First, government ought not to
force anyone to get married. In
America, we believe in limited government.
One of the areas in which government ought to be limited is the decision
about whether or not a person should get married. That decision should remain completely up to the individual,
ideally in consultation with the individual’s family. Government ought not to get into the business of interfering with
that personal decision-making.
Second, government ought not –
intentionally or otherwise – implement policies that will trap anyone in an
abusive relationship. Domestic violence
is, tragically, a terrible reality for far too many couples today. Marriage does not cure domestic
violence. All too often, it exacerbates
it. Whatever policies we implement, none of them should – either directly or
indirectly – contribute in any way to this terrible problem.
Third, government ought not to
promote marriage by withdrawing supports for single-parent families. I know of no evidence that says that you
improve child well-being by withdrawing supports for single parents. Promoting healthy marriage ought to be about
affirming healthy marriage, not denigrating single people. President Bush has said
“Single mothers do amazing work in difficult circumstances, succeeding
at a job far harder than most of us can possibly imagine. They deserve our
respect and they deserve our support.”
He’s right. Supporting healthy
marriages cannot come at the expense of supporting children living in other
family structures. All children are
unique gifts from God, and each one – every one – deserves our support and
encouragement, no matter what their family arrangement.

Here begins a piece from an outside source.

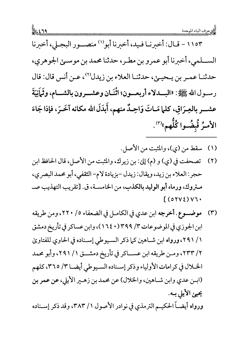 ١١٥٣ - قال: أخبرنا فيد، أخبرنا أبو (¬١) منصور البجلي، أخبرنا السلمي، أخبرنا أبو عمرو بن مطر، حدثنا محمد بن موسى الجوهري، حدثنا عمر بن يحيى، حدثنا العلاء بن زيدل (¬٢)، عن أنس قال: قال رسول الله - صلى الله عليه وسلم -: "البدلاء أربعون؛ اثْنَان وعشرون بالشام، وثَمَانِيَةَ عشر بالعِرَاقِ، كلما مَاتَ وَاحِدٌ منهم، أَبدَلَ الله مكانه آخَرَ، فإذا جَاءَ الأمرُ قُبِضُوا كُلُّهم" (¬٣).

Finally, government ought not to
promote marriage by being afraid to mention its name. There is something unique about the marital relationship that
distinguishes it from other types of relationships. Preparing couples for marriage, therefore, is different from
preparing them for other types of relationship arrangements. Relationship education, for example, is a
good thing, and I support it. I would
certainly favor helping individuals develop all sorts of good relationship
skills. But marriage is fundamentally
different from other types of relationships.
As such, we ought not to shy away from using the word “marriage” if it
is, indeed, marriage we seek to promote.
When, then, should government
do? Here are three principles that I
believe should underlie government’s role in supporting marriage.
First, we ought to make it clear
that government is in the business of promoting healthy marriages.
Government should make clear that it is in the marriage promotion
business because it is an effective strategy
for improving the well being of children.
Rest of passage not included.